Things I learnt from designing onboarding for conversation:
- Test with users early
- People always skip onboarding and trying to mess with AI then they ask for help
- Create personalized questions that catering to people’s needs
- Design for the moment
3. Conversational UI
Conversation with AI is one-to-one conversation, or many-to-one conversation, where one person or a group of people interact with artificial intelligence. We are so accustomed to conversation UI where incoming message appears on the left and our message on the right.
Things I learnt from designing conversational UI for A.I.:
- No need to mark names of conversation on the navigation;
- No need to mark who have seen the message like many-to-1 conversation UI does;
- We can remove avatar, time of sending message, and time of receiving message;
- Consider the whole context of conversation, such as devices, time, location, tone, and question length, then respond with proper responses;
- Leveraging more gestures for people to drill in and drill out.
4. Out-of-scope questions
Similar to 404 pages, when AI can’t understand what people are asking about, it’s important to find the balance in design where AI is really trying to answer the questions instead of pretending to be smart.

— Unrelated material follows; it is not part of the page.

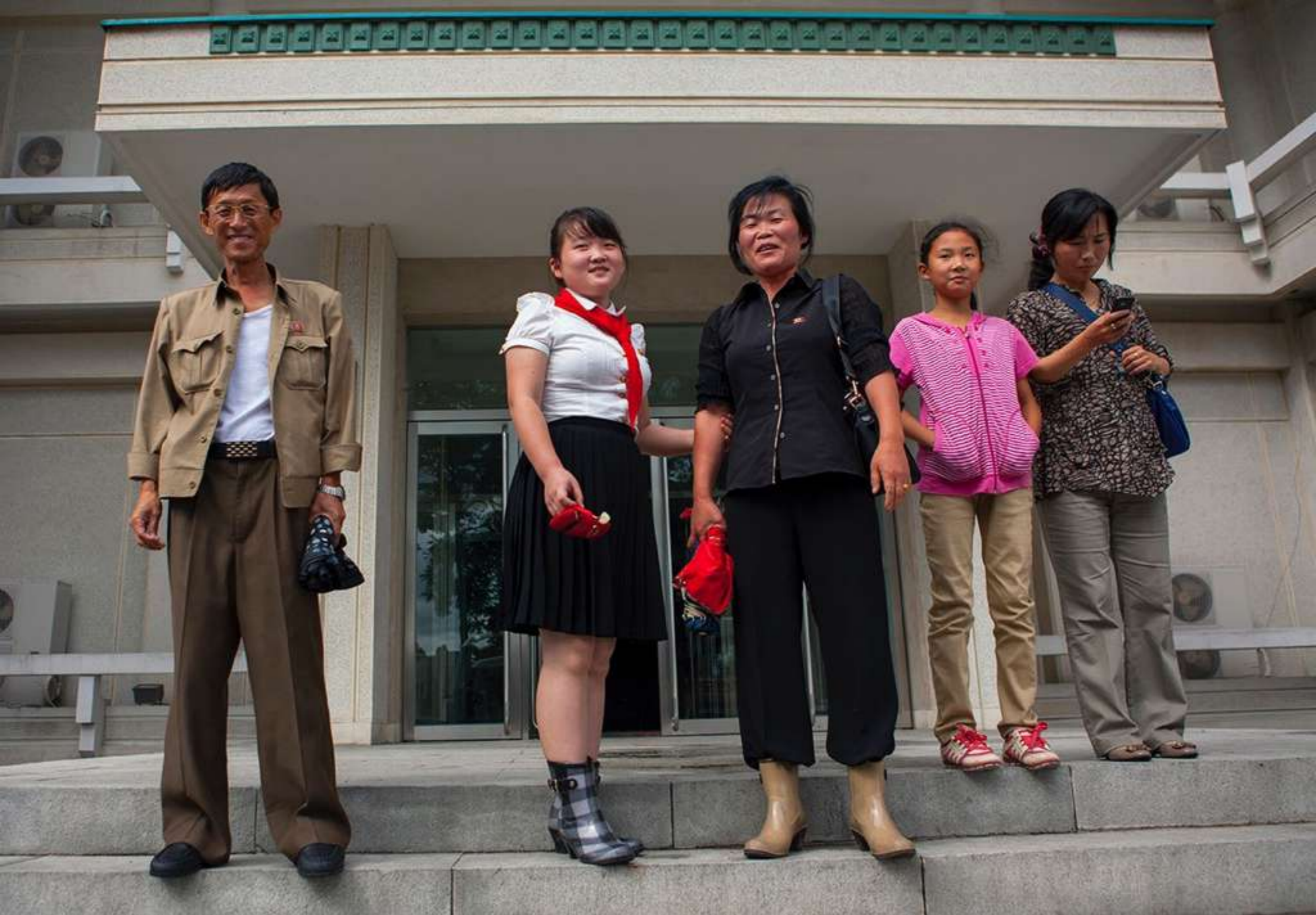
An upper class family leaving an expensive restaurant in Pyongyang. The bright colors from the Chinese clothes are easy to spot on the teenager while her sister proudly wears her Pioneer uniform. The mother has kept her boots.

Things I learnt from designing out-of-scope questions:
- Provide relevant questions that guide
- Reasons AI breaks
- How to fix the break down by myself
- Wait for some time
- Contact the company to fix it
5. Recognition vs Recall
Instead of making people think about what questions they should ask, AI could also notify users about things they should pay attention to. For example, Finie is an AI for personal finance, thus when there is a large transaction exceeds normal amount, Finie will give notification to users instead of waiting for users to check transactions.
Things I learnt from recognition and recall:
- Phrase notification concisely and straight to the point.
- Customize the notification based on location and time. For example, notification on Friday evening can be more informal than Monday morning. And after 12am, notification should be in more polite and gentle tones.
- Recommend next questions when people finish their first conversation with AI.
6. Personal and natural ways of conversation
Talking to A.I. is different from talking to human as there are less visual feedback indicating if the machine understand the question or not. Also people constantly pause to think about questions, rephrasing, repeating, or And people go back and forth with conversation. Thus it’s a challenge for A.I. to learn and adopt diverse ways people have conversations.